§ Work instructions
Pictures excluded, retype the lines from the one containing "Dodó é uma arara-vermelha" through the last line of the data below, both included.

=== Information shown ===

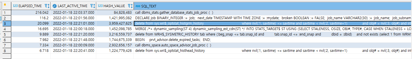 WHERE 절에 ELAPSED_TIME 의 값을 초단위로 설정하여 몇초 이상 걸린 쿼리에 대한 값을 지정하여 오래 걸린 쿼리를 측정 할 수 있다
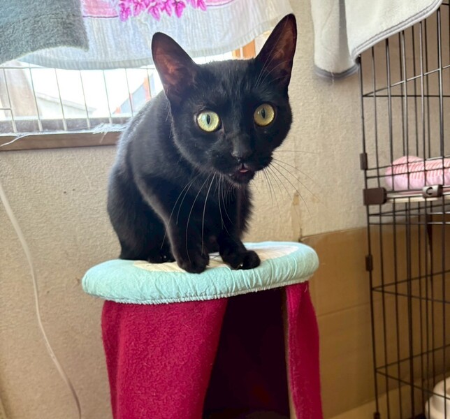 | 特徴(性格など) | 2023.5.12生まれ(推定) 毛色:黒 まんまるお目目のクロネコ男子。 甘えん坊さんでおしゃべりです 少しビビリですがナデナデすると寝転んでエアーふみふみします ブラッシングも大好きで、嬉しいときは短めのしっぽをピンと立ててプルプルします 猫じゃらしで遊ぶとたまーにジャンプしますよ♪ |
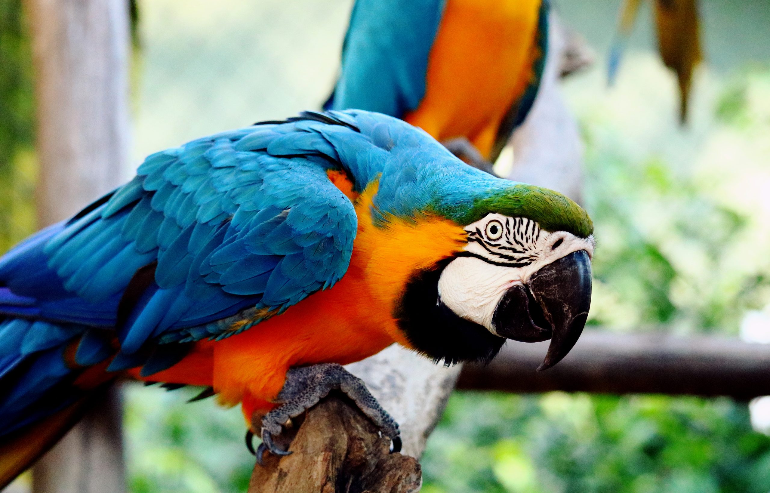 Dodó é uma arara-vermelha que sofreu maus-tratos pelo tráfico, ela não voa e é cega dos dois olhos.
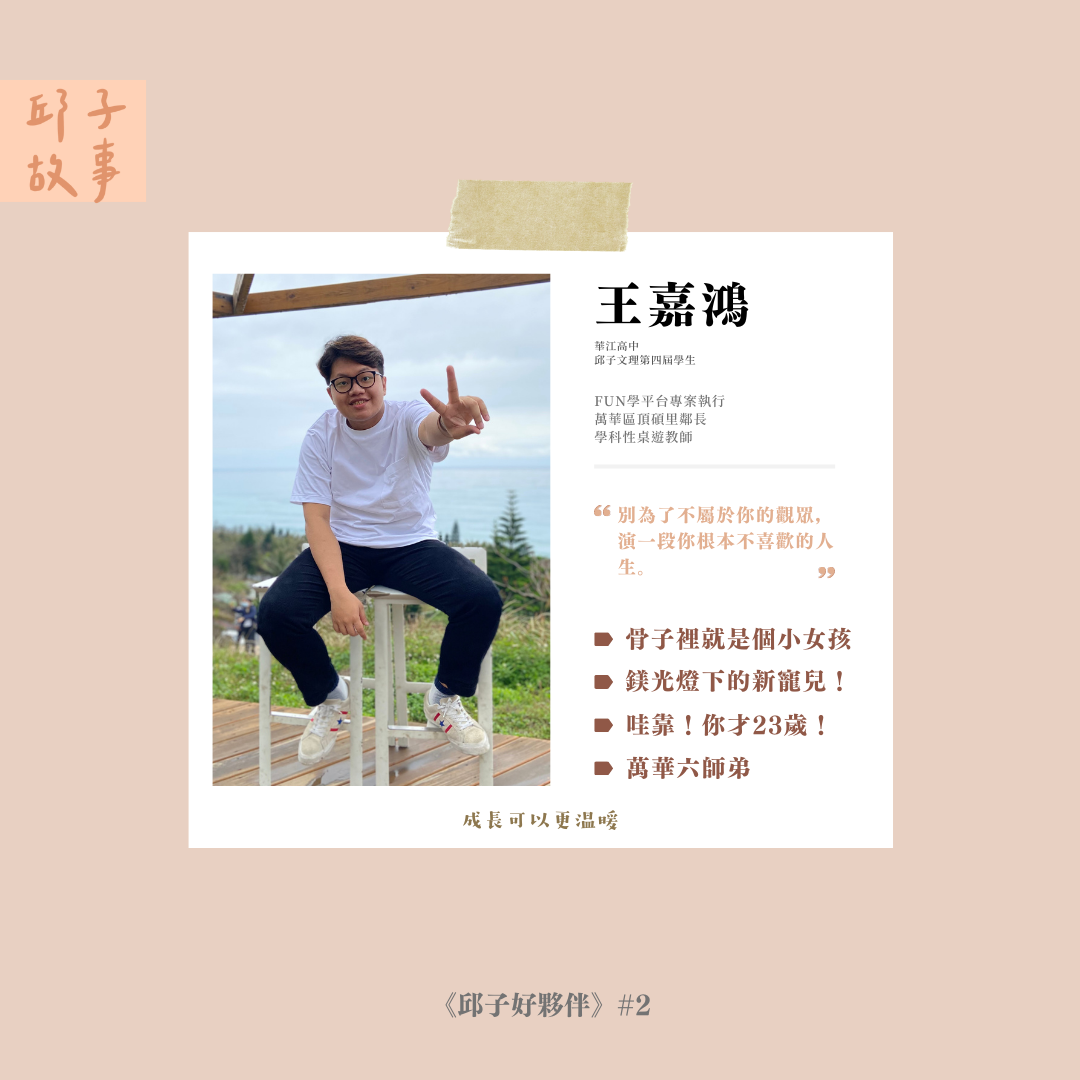 但你不能怪其他人,因為嘉鴻長得真的頗有年紀,彷彿生命不知道已走過幾個關頭般的樣貌,當然跟他的打扮十分有關連,標配襯衫紮褲子、褲子穿高腰而且一定會繫皮帶、手錶銀色超大一個、頭髮一定要後抓、外加體型很龐大、配上老氣的對話方式,你很難相信,他才23歲。

===

§ Task response
 Dodó é uma arara-vermelha que sofreu maus-tratos pelo tráfico, ela não voa e é cega dos dois olhos.
 但你不能怪其他人,因為嘉鴻長得真的頗有年紀,彷彿生命不知道已走過幾個關頭般的樣貌,當然跟他的打扮十分有關連,標配襯衫紮褲子、褲子穿高腰而且一定會繫皮帶、手錶銀色超大一個、頭髮一定要後抓、外加體型很龐大、配上老氣的對話方式,你很難相信,他才23歲。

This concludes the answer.